I just found sysutils/gigolo for a SCP graphical interface.
Is there any other GTK SCP programs I am missing?

http://www.uvena.de/gigolo/index.html


----------



## tobik@ (Sep 10, 2016)

ftp/gftp, ftp/filezilla

x11-fm/nautilus, x11-fm/caja and x11-fm/thunar all use GVFS so can access sftp://<host>/ URLs too.


----------



## Phishfry (Sep 12, 2016)

Well you made me do my homework. What is the difference between SCP and SFTP. I see SFTP is more powerful with regards to file and directory operations and file resume. SCP being slightly faster as a network copy tool but unable to make directories or delete files.

The two protocols seem to get lumped together when they are different right? They share the SSH tunnel method. For example filezilla does SFTP not SCP..

I do appreciate the thunar tip. The SFTP://<host> method works nicely. I still like gigolo.

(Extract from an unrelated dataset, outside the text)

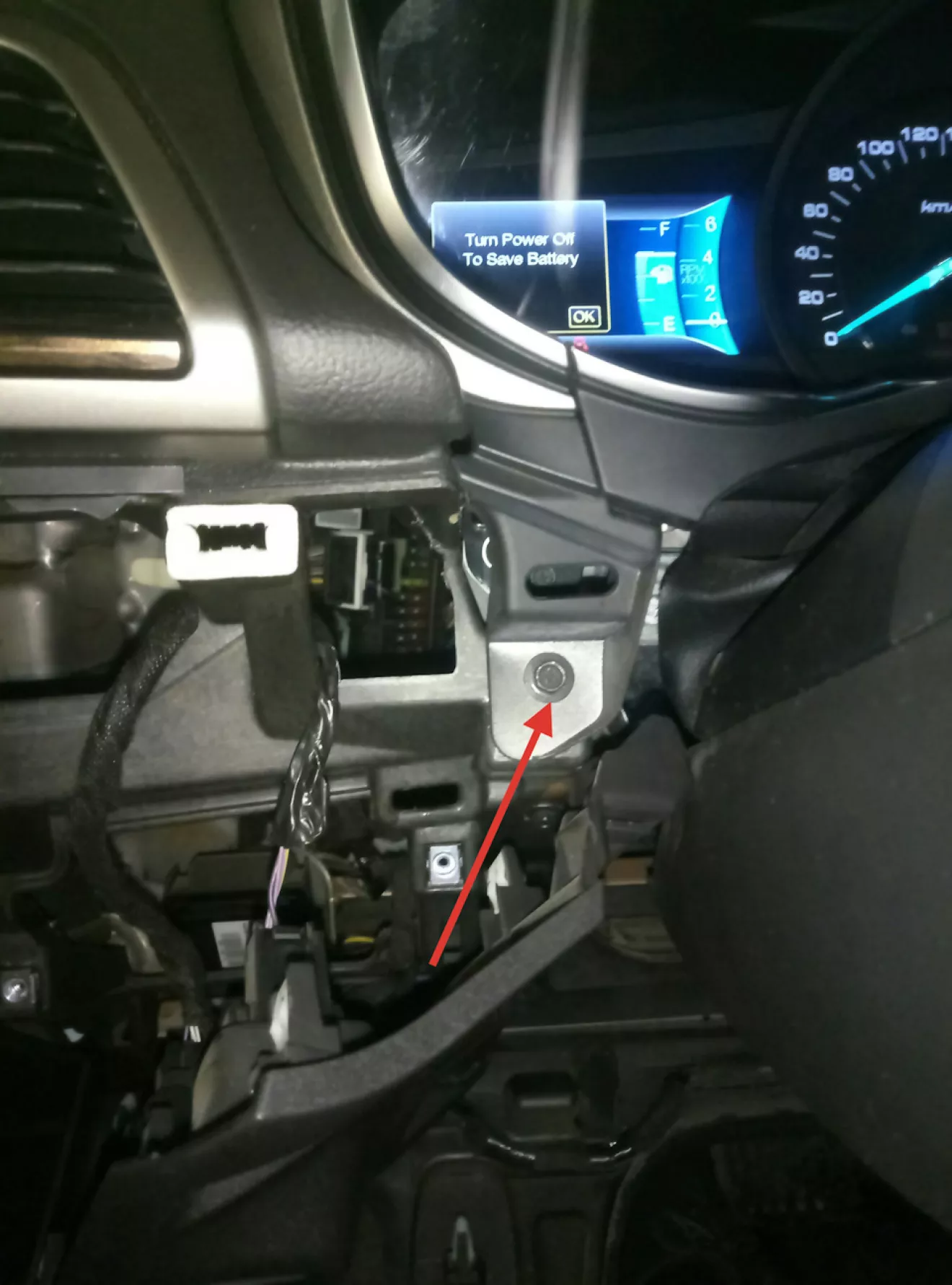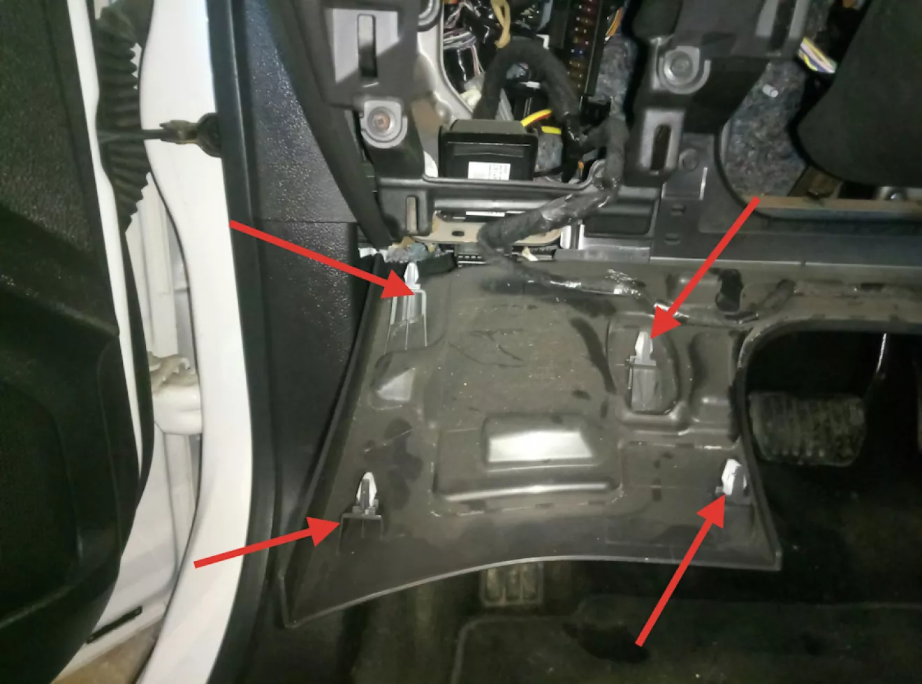 Разбираем. Сначала надо отщелкнуть пластмаску под рулем. Там 4 защелки слева от руля и 3 справа. Тянем не боимся сверху пластмаски.

I need to try filezilla.


----------



## robroy (Sep 12, 2016)

Phishfry, scp(1) and sftp(1) are designed as more secure replacements for different programs:  scp(1) replaces Bill Joy's rcp(1), while sftp(1) replaces ftp(1).

They're lumped together since they're both part of OpenSSH, yet they're different because they're made to replace (while smelling like) different things.

Edit:  I take back that OpenSSH comment; these programs pre-date OpenSSH, I think.


----------